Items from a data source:
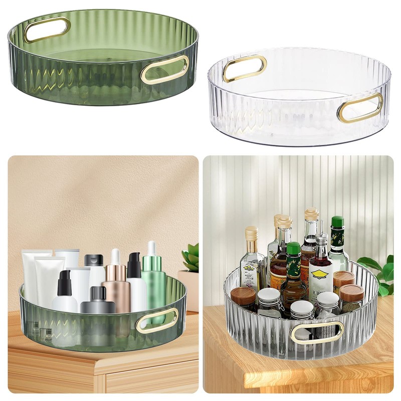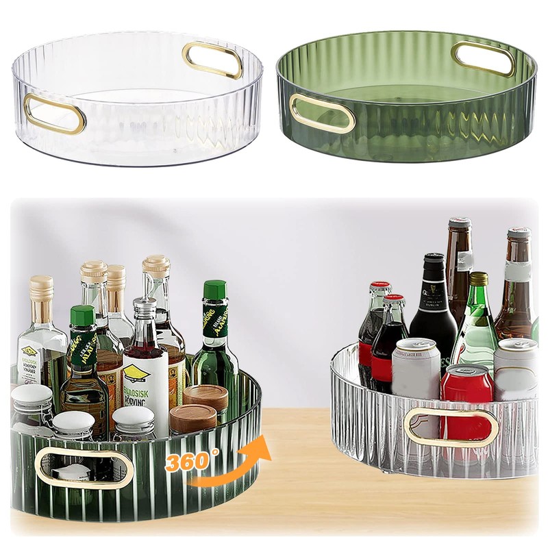 - 【Stylish design】When it rotates in a circle, the raised edge keeps items from falling out. This lazy tray has a comfortable grip, smooth edges that won't hurt your hands, and it's easy to clean. Simply rinse with water. The transparent design allows you to see what's inside and matches perfectly with modern furniture.
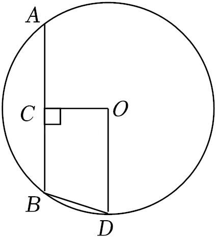 如图, $\mathrm{AB}$ 是 $\odot \mathrm{O}$ 的弦, $\mathrm{OC} \perp \mathrm{AB}$, 垂足为 $\mathrm{C}, \mathrm{OD} / / \mathrm{AB}$, $\mathrm{OC}=\frac{1}{2} \mathrm{OD}$, 则 $\angle \mathrm{ABD}$ 的度数为
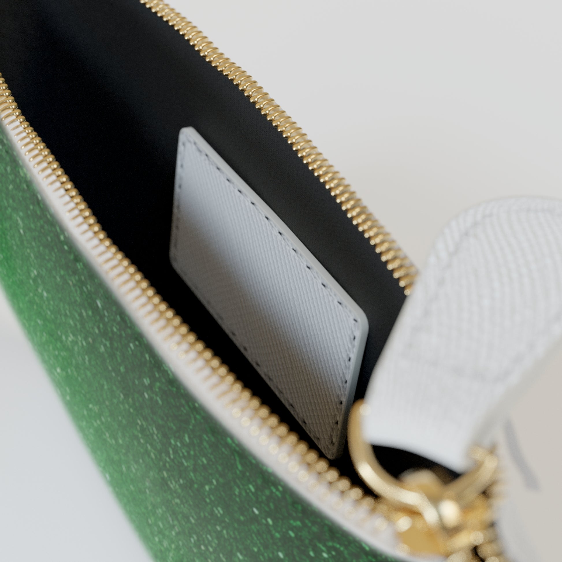 Capture the light wherever you go with the Limited Edition Emerald Enchantment Mini Clutch, a luminous statement piece that radiates confidence, grace, and quiet power. Cloaked in a shimmering emerald finish, it reflects every movement with the subtle magic of starlight — sophisticated, modern, and endlessly captivating.
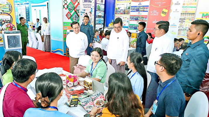 The Senior General warmly expressed delight that the Naypyitaw State Academy’s Convocation Hall has been opened in such a grand and vibrant manner with exhibitions and festivities, and voiced their confident hope that the graduates who will emerge year after year from this convocation precinct will become worthy and capable citizens on whom the State can rely and who can shoulder responsibilities for the benefit of the nation and its people. The Senior General also expressed his earnest wish that this Convocation Hall will continue to produce outstanding and well-rounded intellectuals—talented and virtuous scholars endowed with comprehensive knowledge and skills, as well as strength of character—who can help build a better future society for Myanmar and enable the country to stand shoulder to shoulder with the world.
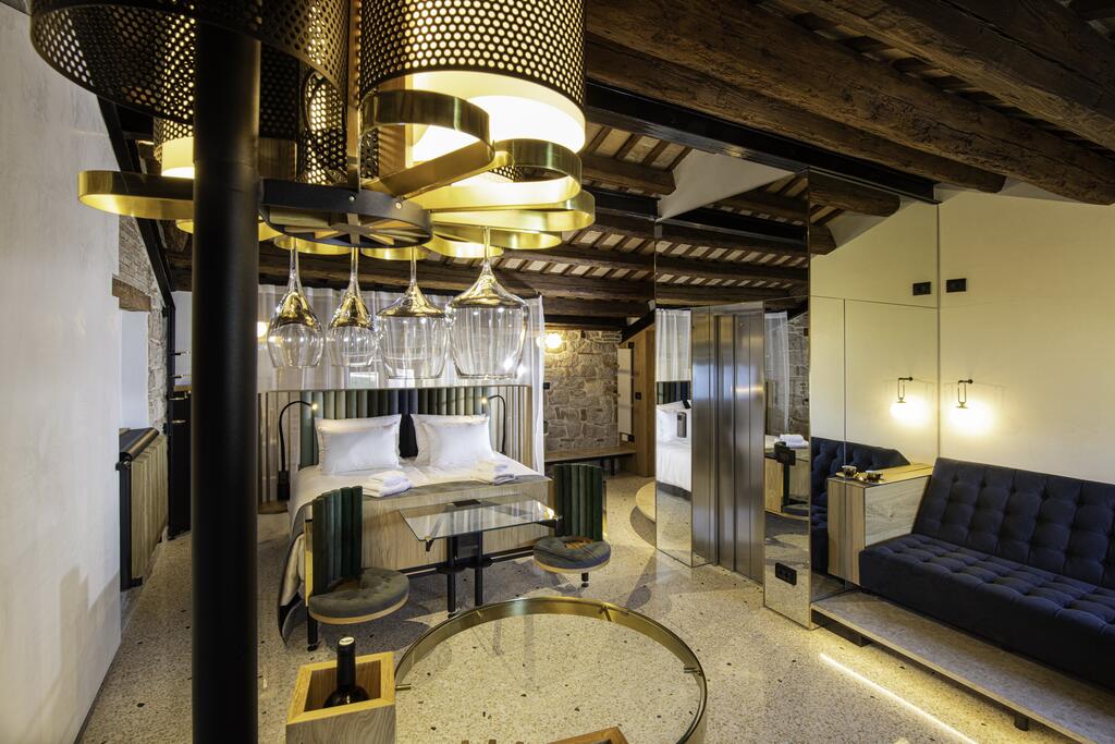 La maggior parte degli interni è realizzata a mano con materiali come legno, vetro e ottone, tutti basati sulle idee del duo di architetti Saše e Sveta Dobričić dello studio di architettura ADAL di Lubiana. Guidato dal principio della qualità superiore, questo hotel crea una nuova e autentica esperienza di vacanza, perfettamente adatta agli ospiti che non accettano compromessi. A tutto questo contribuisce anche la perfetta combinazione di architettura, gastronomia, vacanze secondo tutti gli elevati standard mondiali e posizione. L'hotel è situato nel centro storico, nel cuore di Rovigno, ed è la scelta perfetta per un fine settimana prolungato.

▸ REQUIRED WORK
Without the pictures, print all of the records exactly.

▸ RESPONSE BELOW
 - 【Stylish design】When it rotates in a circle, the raised edge keeps items from falling out. This lazy tray has a comfortable grip, smooth edges that won't hurt your hands, and it's easy to clean. Simply rinse with water. The transparent design allows you to see what's inside and matches perfectly with modern furniture.
 如图, $\mathrm{AB}$ 是 $\odot \mathrm{O}$ 的弦, $\mathrm{OC} \perp \mathrm{AB}$, 垂足为 $\mathrm{C}, \mathrm{OD} / / \mathrm{AB}$, $\mathrm{OC}=\frac{1}{2} \mathrm{OD}$, 则 $\angle \mathrm{ABD}$ 的度数为
 Capture the light wherever you go with the Limited Edition Emerald Enchantment Mini Clutch, a luminous statement piece that radiates confidence, grace, and quiet power. Cloaked in a shimmering emerald finish, it reflects every movement with the subtle magic of starlight — sophisticated, modern, and endlessly captivating.
 The Senior General warmly expressed delight that the Naypyitaw State Academy’s Convocation Hall has been opened in such a grand and vibrant manner with exhibitions and festivities, and voiced their confident hope that the graduates who will emerge year after year from this convocation precinct will become worthy and capable citizens on whom the State can rely and who can shoulder responsibilities for the benefit of the nation and its people. The Senior General also expressed his earnest wish that this Convocation Hall will continue to produce outstanding and well-rounded intellectuals—talented and virtuous scholars endowed with comprehensive knowledge and skills, as well as strength of character—who can help build a better future society for Myanmar and enable the country to stand shoulder to shoulder with the world.
 La maggior parte degli interni è realizzata a mano con materiali come legno, vetro e ottone, tutti basati sulle idee del duo di architetti Saše e Sveta Dobričić dello studio di architettura ADAL di Lubiana. Guidato dal principio della qualità superiore, questo hotel crea una nuova e autentica esperienza di vacanza, perfettamente adatta agli ospiti che non accettano compromessi. A tutto questo contribuisce anche la perfetta combinazione di architettura, gastronomia, vacanze secondo tutti gli elevati standard mondiali e posizione. L'hotel è situato nel centro storico, nel cuore di Rovigno, ed è la scelta perfetta per un fine settimana prolungato.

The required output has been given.